Ты – душа покинутого поля,
церковки с поникшими крестами,
и такой недостижимой воли
за лесами, да за облаками.
НА ПУТИ
Прости мое сердце, прости мою душу больную –
куда бы ни шел я, но этой тропы не миную,
сверну на нее и останусь, как перст, одинок,
и буду шагать, сапогами взбивая песок.
Не хватит ли рыться в словесном и умственном хламе?
Не лучше ли путь и краюшка луны над холмами,
и просто свобода от всяких красот и пустот –
а новые мысли дорога сама принесет.
И я ухожу – оттого-то тебя и не слышу,
дремлю за столом, а душою порхаю по крышам,
не слушаю, что говорят, и вопросам не рад –
ведь если отвечу, то будет опять невпопад.
Ищу одиночества даже в толпе на перроне,
иду в глубину, где никто не окликнет, не тронет,
покровы души я вскрываю, подобно врачу,
и детскую память листаю, и правду ищу.
Благую ли весть я прочту на обрывке газеты?
Начну ли сверять номера лотерейных билетов?
Высокое с низким навстречу попарно идут,
но их разделить – непосильный для смертного труд.
Поэтому самое лучшее – просто и честно
продолжить свой путь и принять как итог неизвестность.
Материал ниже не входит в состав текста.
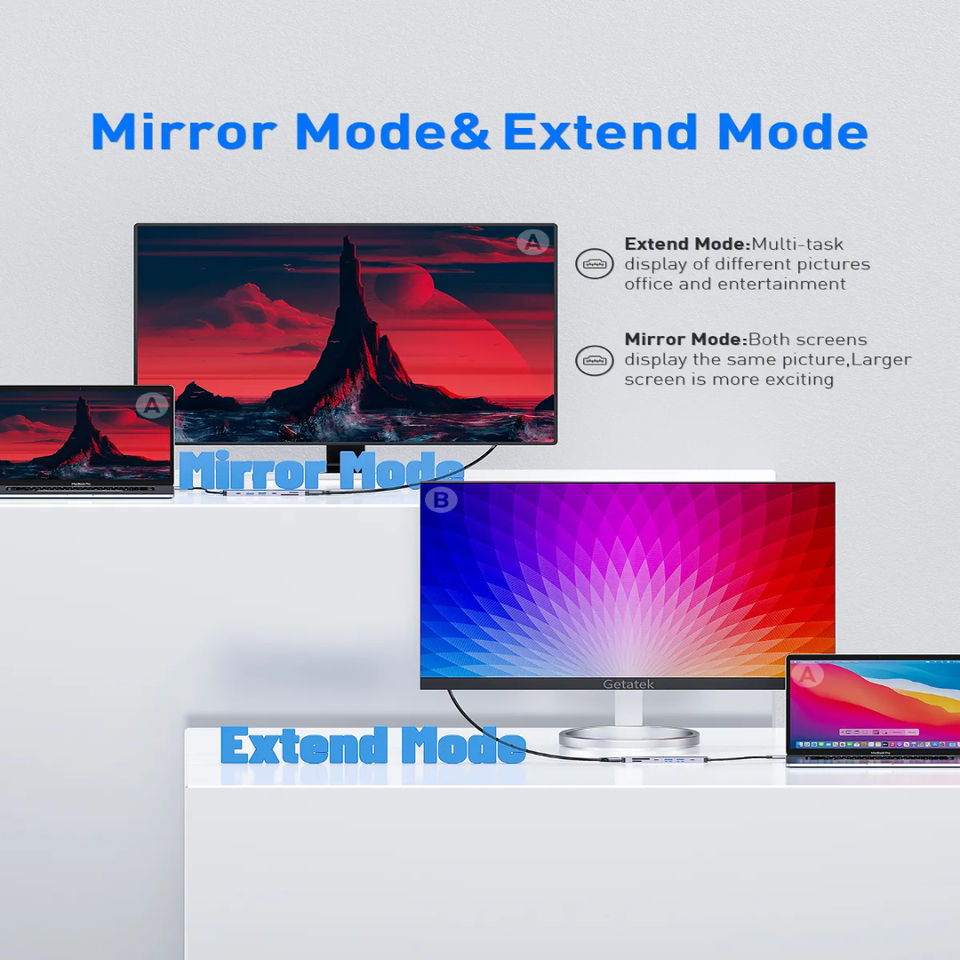 Porodo 7-Port USB-C Hub Blue 4K Dual USB-A Compatible with USB 2.0 Interface For &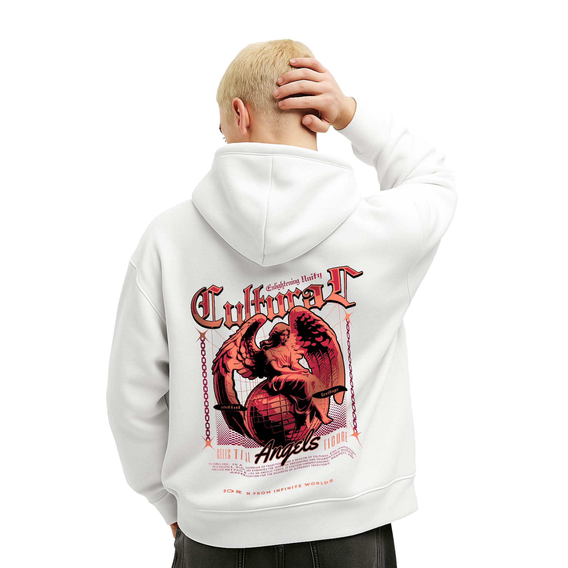 A symbol of unity and elevation. The back features a celestial figure seated on a globe, framed in bold red tones and gothic lettering — representing culture as something built, carried, and passed between worlds. The chains and grid elements contrast tradition with modern identity, giving it a timeless yet street-rooted tone. The front stays minimal with a sharp red insignia for a quiet flex. Born From Infinite Worlds — culture is not inherited, it’s created.

Недаром от века суровая мудрость дана –
движение – песня, конечная цель – тишина.
ЗЕМЛЯ И НЕБО
Она пришла и молча очертила
обители незримую отраду,
и в темноте смиренные светила
мерцали над беззвучным листопадом.
Знобящий ветер внешнего простора
слетал с высот, бездушен и бескровен,
и затихал, не тронув омофора,
и согревался у смолистых бревен.
Душа земли как голубица в келье
уже проснулась. Прорастали зерна,
ожил родник и детское веселье
защебетало ручейком проворным.
Заговорила мать-земля сырая,
и Матушка ей тихо отвечала,
и взоры их сияли, озаряя
лицо Младенца, колыбель Начала.
Глядишь и плачешь – хорошо, да грустно.
Темна, как ночь, монашеская риза,
и свет созвездий на нее искусно
невидимыми пальцами нанизан.
Цветет сыра-земля и уповает
о вечном небе, непорочно синем,
и падает на землю дождевая
слезинка о ребеночке, о Сыне.
КОМАРОВО ЗИМОЙ
Как сумрачен твой сон, твой предрассветный снег,
в холодной пелене за тонкой пленкой век, –
он полон тишиной…
В мерцающем снегу на просеке пустой
крупинки белых звезд… космический покой
лежит передо мной.
Как льдинка на листе, как шепот в пустоте,
как бледная ладонь на белой бересте –
любви моей следы
по ровному пути, где небо так легко
спадает и плывет к тебе, как молоко,
над панцирем воды.
А где-то рыболов, усевшись, как баклан,
соседу прокричит, и слово сквозь туман
заклятьем зазвенит,
скользя по тишине, такой привычной нам
раскатываясь вдаль по дюнам, валунам,
на хвою и гранит.
СЛЁЗЫ
Отчего я, заплакав, не слышу, как падают слёзы?
Может быть, улетели они, эти белые птицы,
и бесшумно присели на бледную мерзлую озимь,
где уже не согреться и теплой воды не напиться.
Там они упокоились, падать и петь перестали,
а когда прорастут эти бедные белые зерна,
в них уже не останется прежней любви и печали –
ничего, кроме теплого шелеста жизни проворной
по мышиным укрывищам, по муравьиной дорожке,
под сосновой корой и на влажных лишайных сединах…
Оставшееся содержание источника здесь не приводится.